32 376 Wijziging van de Wet personenvervoer 2000 in verband met verordening (EG) nr. 1370/2007 van het Europees Parlement en de Raad van de Europese Unie van 23 oktober 2007 betreffende het openbaar personenvervoer per spoor en over de weg en tot intrekking van Verordening (EEG) nr. 1191/69 van de Raad en Verordening (EEG) nr. 1107/70 van de Raad (PbEU L 315)

Nr. 41 BRIEF VAN DE MINISTER VAN BUITENLANDSE ZAKEN

Aan de Voorzitter van de Tweede Kamer der Staten-Generaal

Den Haag, 6 februari 2014

Bij brief van 5 september 2013 (Kamerstuk 32 376 nr. 40) heeft het kabinet uw Kamer geïnformeerd over het Uitvoeringsbesluit van de Europese Commissie van 18 juli 2013 over de liberalisering van het internationaal personenvervoer.

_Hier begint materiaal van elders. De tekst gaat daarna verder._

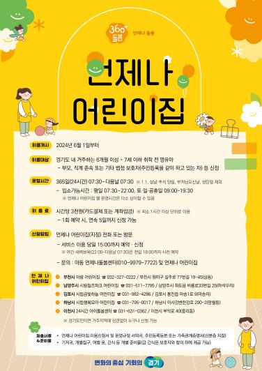 지난 6월 1일 개소한 ‘언제나 어린이집’ 5곳은 아람어린이집(부천시), 시립힐즈파크어린이집(남양주시), 시립금빛하늘어린이집(김포시), 시립행복모아어린이집(하남시), 이천시 24시간 아이돌봄센터(이천시)다. 해당 시군 외 인근 시군에서도 경기도민이면 모두 이용할 수 있어 접근성이 좋은 의정부, 시흥, 광주, 용인, 안산, 구리, 여주, 성남 등에 거주하는 도민들도 편리하게 이용하고 있다.
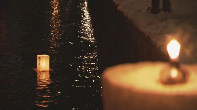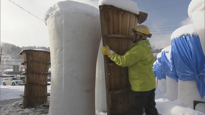 三寺まいりの夜には街に雪像ろうそくが灯り、13日の作業では、ろうそくをかたどった木枠に雪を詰め込み、水と塩を入れて固めて仕上げていきました。高さ2メートル、直径1メートルの雪像ろうそくは30本作られ、1月15日の三寺まいりで街並みに灯されます。
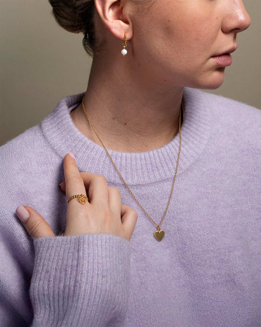 Helmi on pelkistetyn muodon ja hienovaraisen yksityiskohdan kohtaaminen. Siroa muotoa kiertävä helmiäisreuna antaa korulle tunnistettavan ja hienostuneen luonteen. Vuosien kypsyttelyn tuloksena syntynyt muoto kantaa kirkasta viestiä ja kiintymystä, joka tuntuu yhtä aikaa kevyeltä ja merkitykselliseltä.
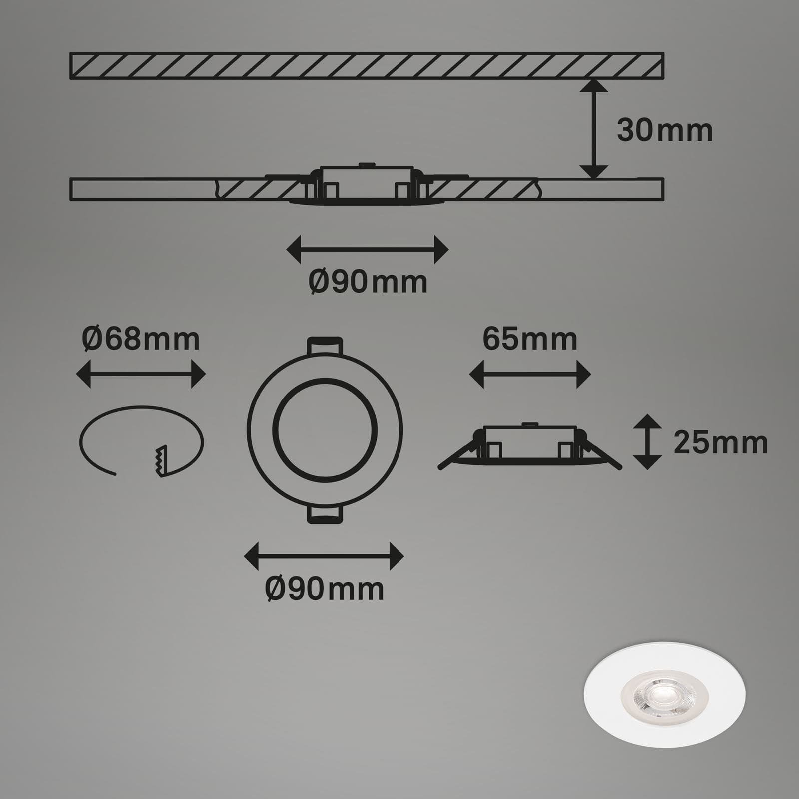 - Montážní otvor: Ø 68 mm, hloubka 30 mm

Het kabinet heeft in deze brief aangekondigd dat Nederland bij het Hof van Justitie van de Europese Unie in beroep zal gaan tegen het besluit. In het beroep is aangevoerd dat de Liberaliseringsrichtlijn geen grondslag biedt voor het besluit van de Commissie. Voor zover de Commissie bezwaren heeft tegen de Nederlandse regeling had zij een inbreukprocedure moeten opstarten. Voor een verdere toelichting op het beroep verwijs ik u naar de brief van 5 september 2013.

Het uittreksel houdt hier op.